Game-Theoretic Defenses for Adversarially Robust Conformal Prediction

Abstract

Adversarial attacks pose major challenges to the reliability of deep learning models in safety-critical domains such as medical imaging and autonomous driving. In such high-stakes applications, providing reliable uncertainty quantification alongside adversarial robustness becomes crucial for safe deployment. Although conformal prediction can provide certain guarantees for model performance under such conditions, unknown attacks may violate the exchangeability assumption, resulting in the loss of coverage guarantees or excessively large predictive uncertainty. To address this, we propose a synergistic framework that integrates conformal prediction with game-theoretic defense strategies by modeling the adversarial interaction as a discrete, zero-sum game between attacker and defender.
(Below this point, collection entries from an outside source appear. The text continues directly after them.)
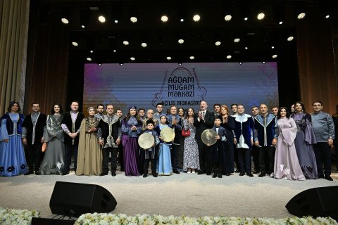 Daha sonra Prezident İlham Əliyev və birinci xanım Mehriban Əliyeva Ağdam Muğam Mərkəzinin açılışına həsr olunan konsert proqramına baxıblar.
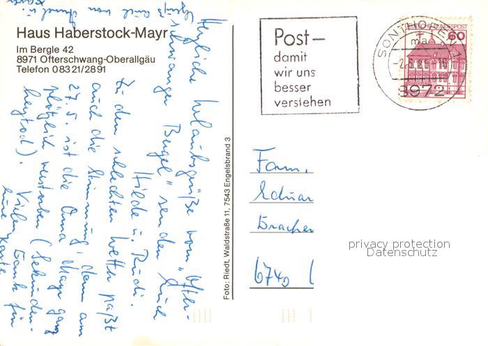 73157961 alte Postkarte Ofterschwang Haus Haberstock Mayr Gaestehaus Pension Alpenblick postalisch gelaufen Erhaltung siehe scans [FriedD77] KatCode: 11110009780134
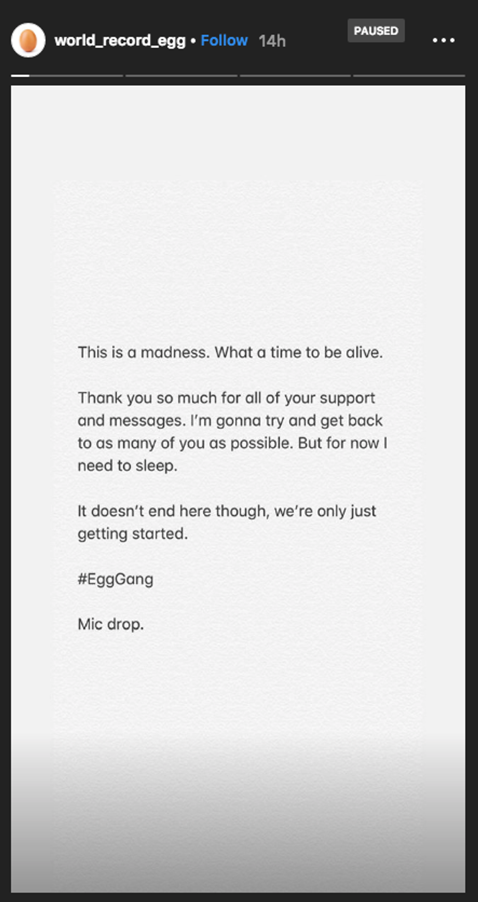 Following its victory, the egg account, which refers to its new following as "Egg Gang" made a celebratory post on its story. It's also promised a forthcoming merch drop, and shared a warning about imposter egg accounts, and an egg-dubbed spoof of "Can't Touch This."
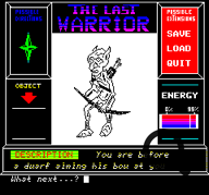 The funny point is that The Last Warrior have never been published in the French version. That version was archived only by me and the editors as LORICICIEL, COBRASOFT, IJK, INFOGRAMES, TANSOFT, PSS…etc. but I have seen the original version in French circulating on the net. I’m not looking for who have not respected the contract or gentlemen agreement but I'm only excited to recover my original version lost on damaged magnetic’s tape. I’ll be really happy to get it again. In case you have that version please don’t hesitate to contact me or send me it.
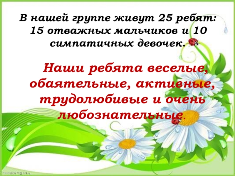 Наши ребята веселые, обаятельные, активные, трудолюбивые и очень любознательные.
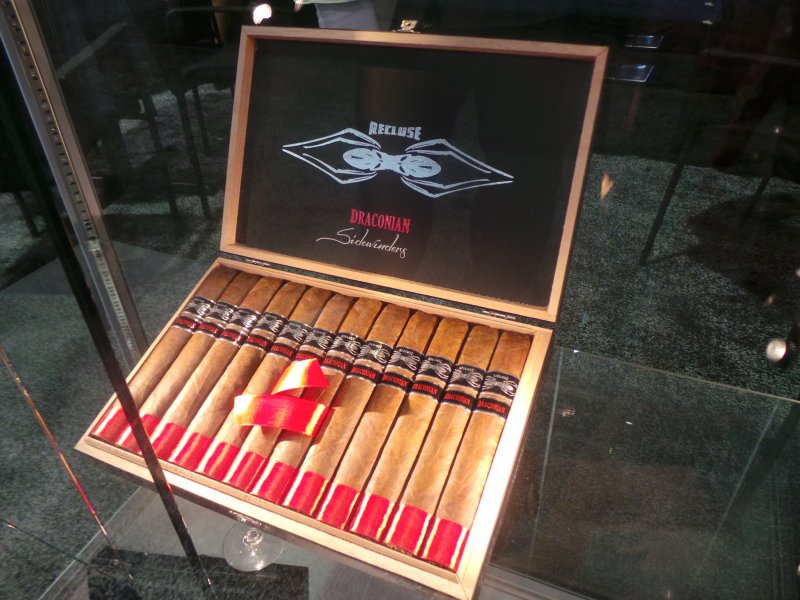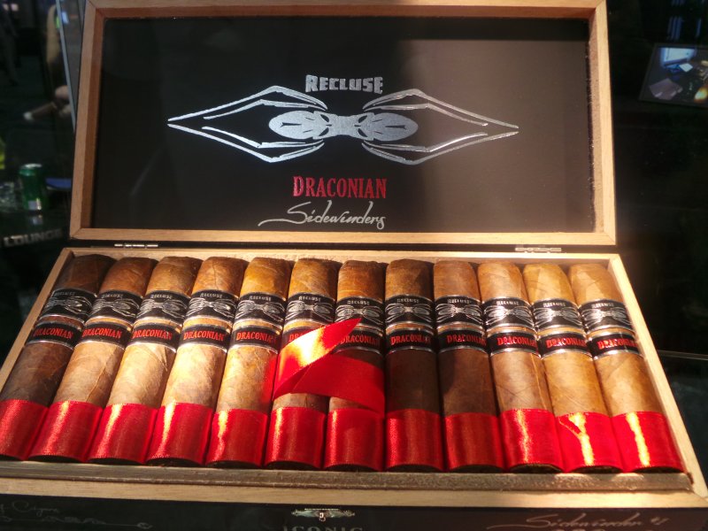 Iconic was actually the first stop I made at the show, and the first cigar I smoked. I mentioned it on Half Ashed that day, and truly enjoyed the new Sidewinder. They are already established, and are building a dedicated following, but were new to me (except for some press releases I’ve published in the past). I don’t believe I had smoked the earlier Recluse releases. The Sidewinder carries an Ecuadoran maduro Wrapper, proprietary binder, and Dominican/Brazilian/”Iconic Leaf” filler blend. Despite my normal tendencies toward smaller cigars the 7″ by 57 ring example I smoked was a fantastic smoke. With the added bonus of its having a unique shape that lends itself to cutter-free opening, I think it’s a definite hit that will do well on store shelves. It was loaded with toasty, dark flavors that are very appealing for me, and I’ll be buying them without a doubt. I’ll also be posting a full review once my remaining sample comes up in the queue. Look for them…buy them…try them. I don’t think you’ll be disappointed.

Our framework yields a Nash Equilibrium defense strategy, which we prove maintains valid coverage while minimizing the worst-case prediction set size against an optimal adversary operating within the defined attack space. Experimental results on CIFAR-10, CIFAR-100, and ImageNet further demonstrate that, under Nash equilibrium, defense models within our framework achieve valid coverage and minimal prediction set size. By bridging adversarial robustness and uncertainty quantification from a game-theoretic perspective, this work provides a verifiable defense paradigm for deploying safety-critical deep learning systems, particularly when adversarial distributions are unknown or dynamically evolving but contained within a known attack space.